In a speech delivered to the Japanese Business Federation Keidanren and the Japanese Chamber of Commerce and Industry, Yingluck urged investors to consider investing in infrastructure in the Mekong basin.
Yingluck is in Japan for the Japan-Mekong Summit, which began on Thursday and will wrap up today. The summit is being held to discuss Japan-initiated development schemes for countries in the Mekong basin.
The premier praised the Japan-Mekong cooperation, saying the new master plan to be endorsed today would benefit people in the Mekong basin and urged the private sector to invest in the scheme.
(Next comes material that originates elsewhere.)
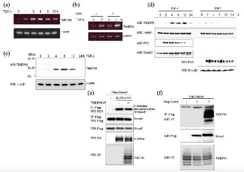 Figure S1. TMEPAI Inhibits TGF-β, but Not BMP, Signalings (a) Induction of TMEPAI mRNA by TGF-β. AML cells were treated with 5 ng/ml TGF-β for indicated times. Then, RT-PCR was performed using two specific mouse TMEPAI primers (5â-GTGATGATGGTGATGGTGGT-3â and 5â-ATCAGACAGTGAGATGGTGG-3â) and total RNAs. (b) De novo protein synthesis is not required for induction of the TMEPAI transcript by TGF-β. AML cells were stimulated with 5 ng/ml TGF-β 2 h after pretreatment with 5 ng/ml CHX for 1 h. RT-PCR was carried out as described in Supplementary Fig. 1a. (c) Expression of TMEPAI protein after treatment with TGF-β. NMuMG cells were treated with 5 ng/ml TGF-β for indicated times and then analyzed by western blotting with anti-TMEPAI polyclonal antibody. (d) TMEPAI protein is not induced by BMP-6 in C2C12 cells. C2C12 cells were stimulated with either 5 ng/ml TGF-β or 25 ng/ml BMP-6 for indicated times and then analyzed by western blotting with anti-TMEPAI polyclonal antibody, PS2 or anti-phospho-Smad1/5 antibody (PS1/5). (e) Effect of TMEPAI on Smad1 phosphorylation by BMP type I receptor. COS7 cells were transfected with indicated plasmids. To show phosphorylation of Smad1 upon ALK6 activation, the cell lysates were immunoprecipitated with anti-Flag M5 antibody, and then analyzed by western blotting with PS1/5. (f) Lack of interaction of TMEPAI with Smad1. COS7 cells were transfected with indicated plasmids and harvested for Co-IP experiments. Smad2 was used as a positive control. |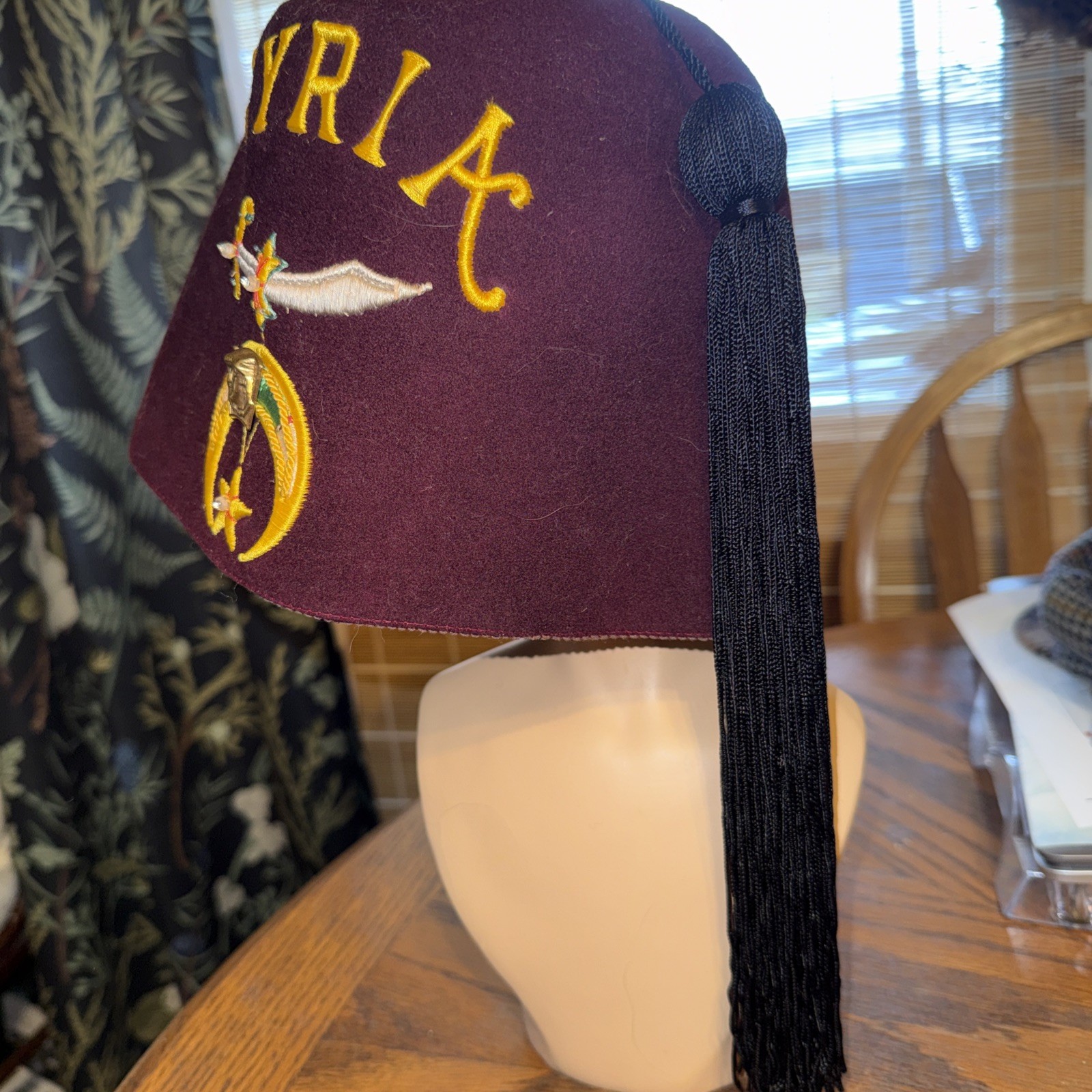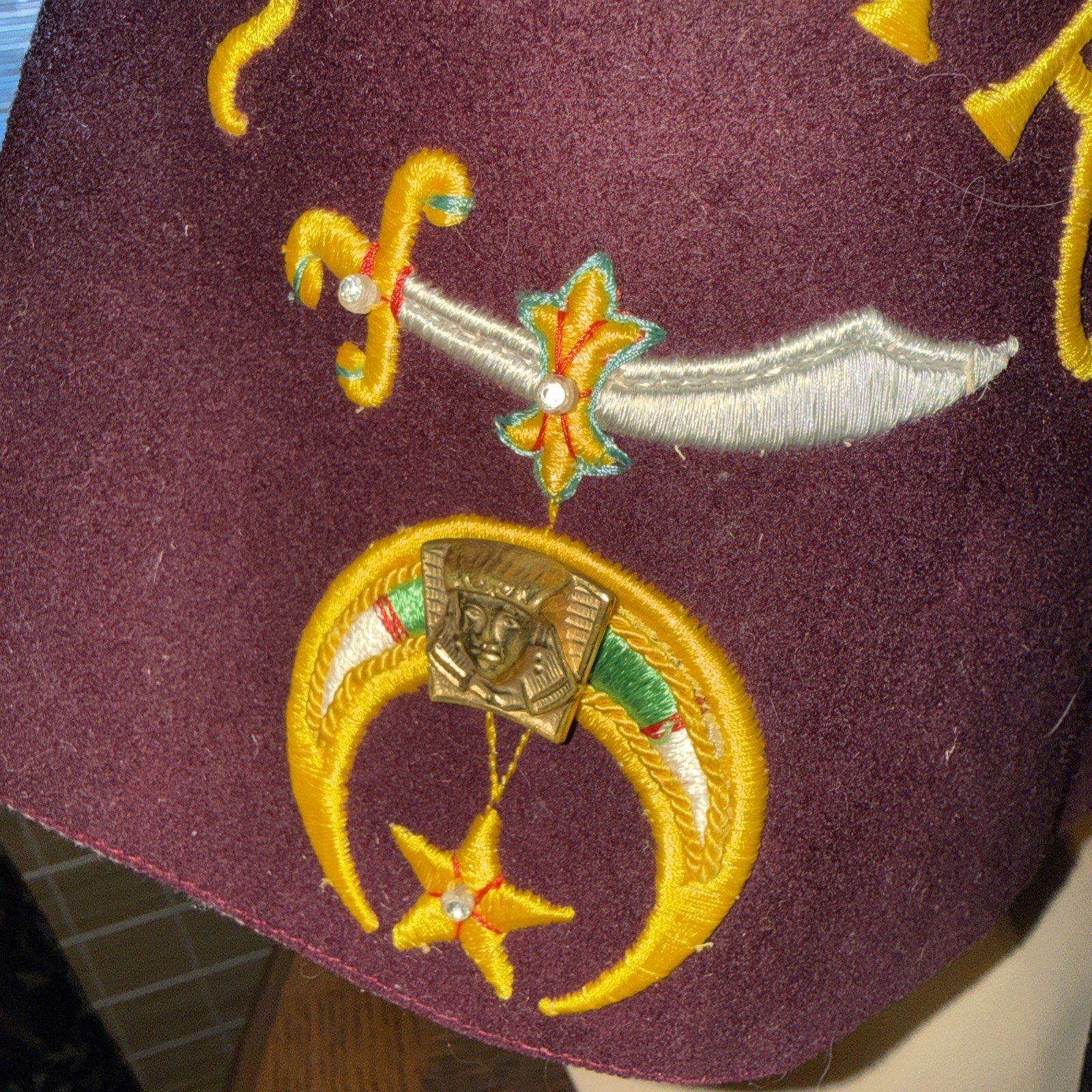 как выглядит Vintage Masons Shriners Syria Fez Ceremonial Jeweled Hat With Tassel фото

She added that Japanese investors would play a crucial role in the development of the Mekong basin as well as the region’s relations with Japan.
Yingluck explained that several plans were underway to fix the damages sustained by last year’s flood crisis and thanked the Japanese private sector for helping her government restore and rehabilitate the country quickly.
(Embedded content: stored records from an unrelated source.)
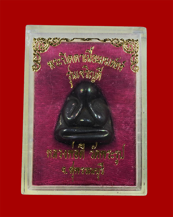 พระปิดตาหลังแบบ รุ่นเจริญดี เนื้อเมฆพัตร หลวงพ่อดี วัดพระรูป ปี 2534 จ.สุพรรณบุรี กล่องเดิม |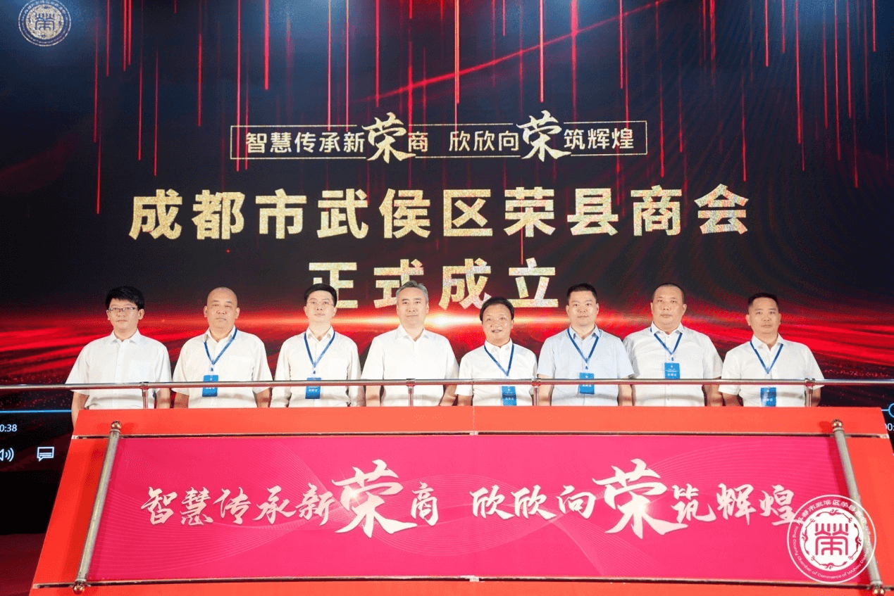 出席成都荣县商会成立大会的领导有:四川省工商联副主席、成都市工商联主席梁伟,自贡市委统战部常务副部长丁琴,自贡市委统战部一级调研员刘义,自贡市工商联主席杨荣春,自贡市委统战部副部长、自贡市工商联党组书记辜林,荣县县委书记韩明祝,荣县人大常委会主任宋成文,荣县政协主席邹崇霞,成都市武侯区委统战部常务副部长吴瑜聪,成都市武侯区工商联主席孙伟,荣县县委常委、县委办主任倪志勇,荣县县委常委、组织部部长周名阳,荣县人民政府副县长胡爱华,荣县人民政府副县长单德朋,成都市武侯区工商联副主席刘轶及四川省自贡市各区县工商联主要负责同志参加。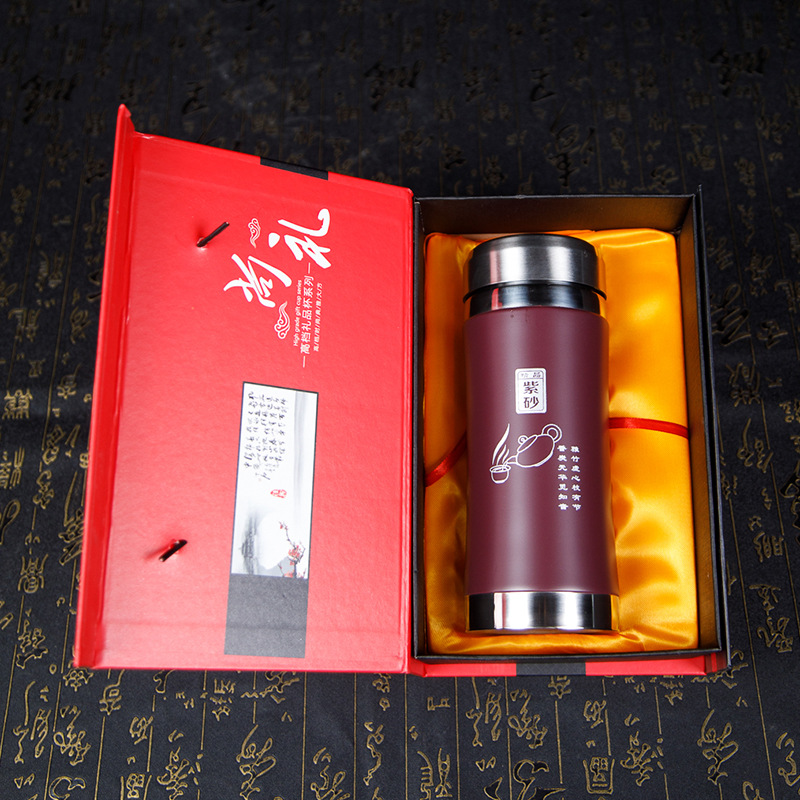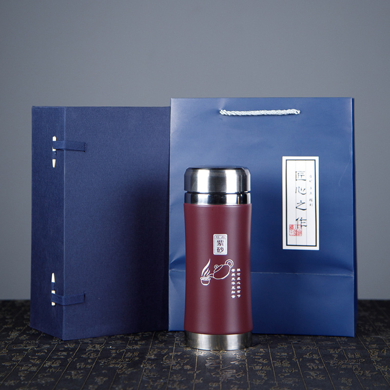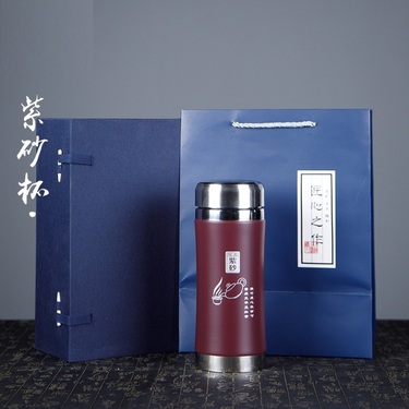 檀轩阁大容量紫砂内胆茶水分离杯礼盒装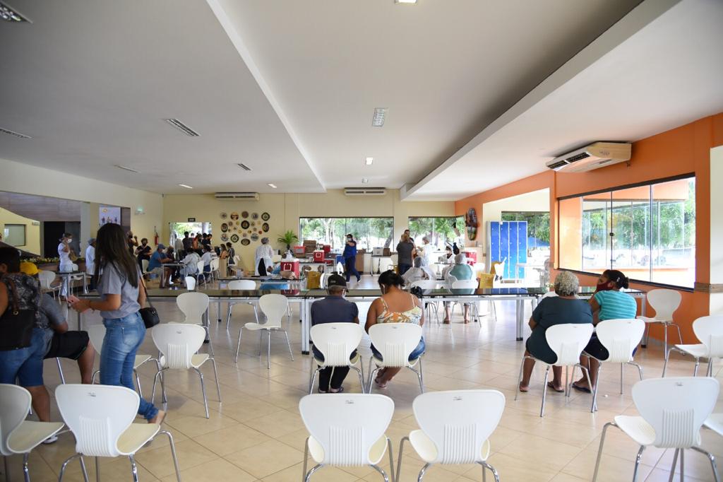 Polo de vacinação do SESC Balneário recebe pessoas com veículo próprio e pessoas a pé, que são beneficiadas com micro-ônibus no local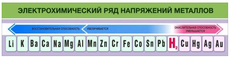 Реакции замещения с металлами, расположенными в электрохимическом ряду активности до водорода: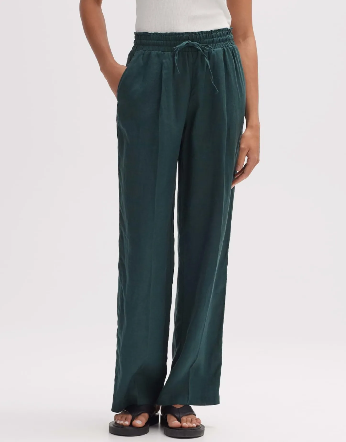 De 100% Linnen Broek Is Een Zomers Statement Piece. De Vloerlange, Wijde Pijpen Zijn Afgewerkt Met Een Elegante Plooi. Het Comfort Wordt Verzekerd Door De Elastische Tailleband Met Een Band Voor Een Flexibele Vetersluiting.

After her luncheon speech, Yingluck accompanied other leaders from Mekong countries, including Cambodian Prime Minister Hun Sen, Lao premier Thongsing Tham-mavong, Myanmar President Thein Sein and Vietnamese premier Nguyen Tan Dung to an audience with Japanese Emperor Akihito yesterday.
This was the fourth Japan-Mekong Summit held in Tokyo to discuss cooperation in the development of the Mekong region. During the latest summit, the leaders are scheduled to issue a “Tokyo Strategy 2012 for Mekong-Japan Cooperation” as well as adopt concrete actions and measures over the next three years.
The previous three-year action plan was adopted in the first summit in 2009, when Japan pledged 500 billion yen (Bt189 billion) in official aid to Mekong nations from the fiscal year of 2010 with a 63-point action plan.
The new action plan would be in the context of regional integration as Asean forms an economic community by 2015.